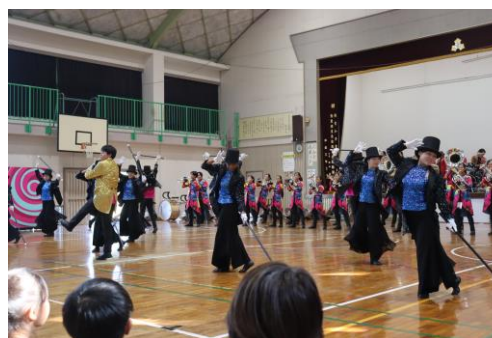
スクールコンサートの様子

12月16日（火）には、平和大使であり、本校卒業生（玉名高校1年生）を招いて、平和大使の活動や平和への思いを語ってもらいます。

◇ ◇ ◇ ◇

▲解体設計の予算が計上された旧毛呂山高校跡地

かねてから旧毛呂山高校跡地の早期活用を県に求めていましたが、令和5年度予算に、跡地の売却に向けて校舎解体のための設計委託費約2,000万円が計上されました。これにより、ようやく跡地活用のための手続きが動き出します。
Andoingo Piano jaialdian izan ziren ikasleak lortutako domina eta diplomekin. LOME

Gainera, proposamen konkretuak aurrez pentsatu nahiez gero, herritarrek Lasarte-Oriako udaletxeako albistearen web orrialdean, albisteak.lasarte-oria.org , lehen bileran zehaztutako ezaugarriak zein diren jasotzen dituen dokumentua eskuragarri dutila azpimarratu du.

◇ ◇ ◇ ◇

What the task asks –
Once the line with "Andoingo Piano jaialdian" is found in the records above, print exactly that line and every line after it through the line with "Gainera, proposamen konkretuak".

Solution –
Andoingo Piano jaialdian izan ziren ikasleak lortutako domina eta diplomekin. LOME

Gainera, proposamen konkretuak aurrez pentsatu nahiez gero, herritarrek Lasarte-Oriako udaletxeako albistearen web orrialdean, albisteak.lasarte-oria.org , lehen bileran zehaztutako ezaugarriak zein diren jasotzen dituen dokumentua eskuragarri dutila azpimarratu du.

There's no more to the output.